What Is FCNC.A’s Level of Liquidity?Due to its illiquid nature, loans are an important asset class we should learn more about. Generally, they should make up less than 70% of total assets, however its current level of 71% means the bank has lent out 1.45% above the sensible threshold. This level implies dependency on this particular asset class as a source of revenue which makes the bank more exposed to defaulting relative to banks with less loans.
Does FCNC.A Have Liquidity Mismatch?Banks operate by lending out its customers’ deposits as loans and charge a higher interest rate. Loans are generally fixed term which means they cannot be readily realized, conversely, on the liability side, customer deposits must be paid in very short notice and on-demand. This mismatch between illiquid loans and liquid deposits poses a risk for the bank if unusual events occur and requires it to immediately repay its depositors. Relative to the prudent industry loan to deposit level of 90%, First Citizens BancShares’s ratio of over 82%is appropriately lower, which places the bank in a relatively safe liquidity position given it has not excessively lent out its deposits and has maintained a suitable level for compliance.
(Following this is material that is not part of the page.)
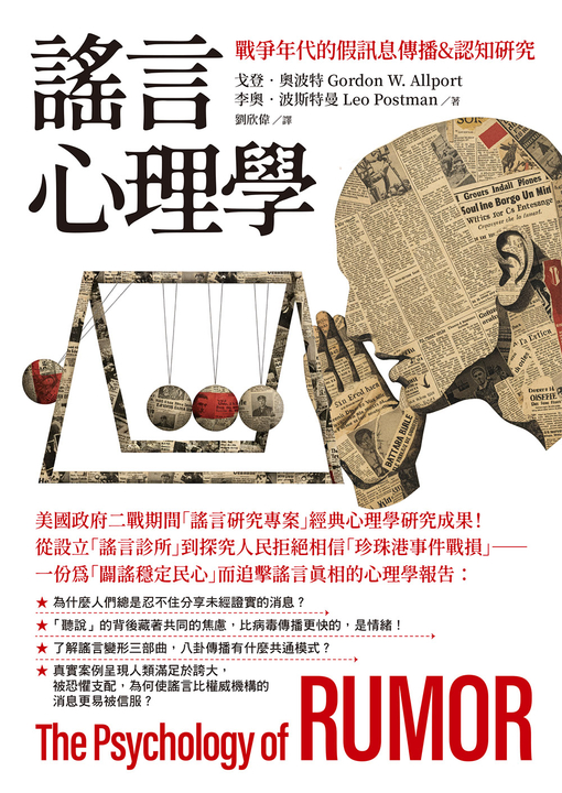 紙本書 謠言心理學:戰爭年代的假訊息傳播&認知研究 大寫出版 戈登.奧波特(Gordon W. Allport) 李奧.波斯特曼(Leo Postman) 謠言心理學:戰爭年代的假訊息傳播&認知研究 大寫出版 戈登.奧波特 On sale eBook NT$286 Printed book NT$379 Preview eBook DRM NT$286 Printed book NT$379

The bank’s liquidity and leverage ratios suggest its sensible operational risk management. This means it is well-positioned to meet its financial obligations in case of any unforeseen and adverse macro events. We’ve only touched on operational risks for FCNC.A in this article. But as a stock investment, there are other fundamentals you need to understand. Below, I’ve compiled three relevant factors you should further research:
- Future Outlook: What are well-informed industry analysts predicting for FCNC.A’s future growth? Take a look at our free research report of analyst consensus for FCNC.A’s outlook.
- Valuation: What is FCNC.A worth today? Has the future growth potential already been factored into the price? The intrinsic value infographic in our free research report helps visualize whether FCNC.A is currently mispriced by the market.
- Other High-Performing Stocks: Are there other stocks that provide better prospects with proven track records? Explore our free list of these great stocks here.
To help readers see past the short term volatility of the financial market, we aim to bring you a long-term focused research analysis purely driven by fundamental data. Note that our analysis does not factor in the latest price-sensitive company announcements.